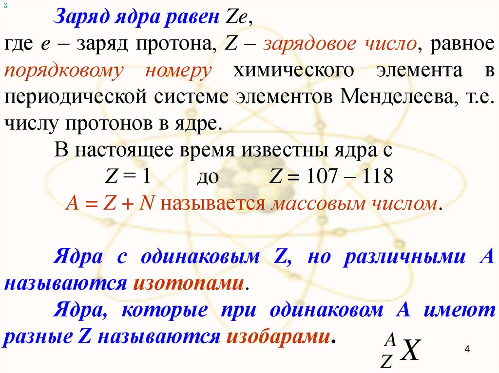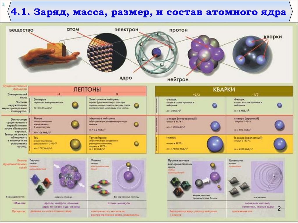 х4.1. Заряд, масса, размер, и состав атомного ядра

* * *

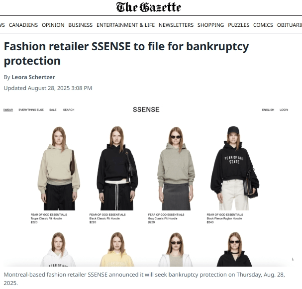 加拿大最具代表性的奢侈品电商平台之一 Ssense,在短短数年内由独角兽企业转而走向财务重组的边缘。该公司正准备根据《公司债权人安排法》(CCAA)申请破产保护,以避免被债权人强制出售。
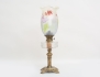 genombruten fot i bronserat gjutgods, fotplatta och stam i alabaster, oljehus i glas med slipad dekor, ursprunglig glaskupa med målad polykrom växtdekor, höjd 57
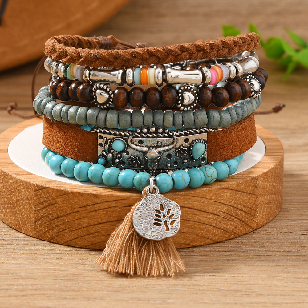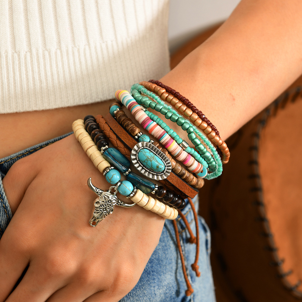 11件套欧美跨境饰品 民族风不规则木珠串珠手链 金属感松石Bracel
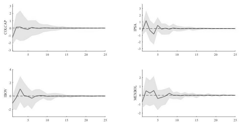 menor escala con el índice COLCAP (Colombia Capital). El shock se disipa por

- [Exercise aim]: Using the data above, return the lines from the one holding "genombruten fot i" through the one holding "menor escala con" exactly, but not the pictures.

- [Answer space]:
 genombruten fot i bronserat gjutgods, fotplatta och stam i alabaster, oljehus i glas med slipad dekor, ursprunglig glaskupa med målad polykrom växtdekor, höjd 57
 11件套欧美跨境饰品 民族风不规则木珠串珠手链 金属感松石Bracel
 menor escala con el índice COLCAP (Colombia Capital). El shock se disipa por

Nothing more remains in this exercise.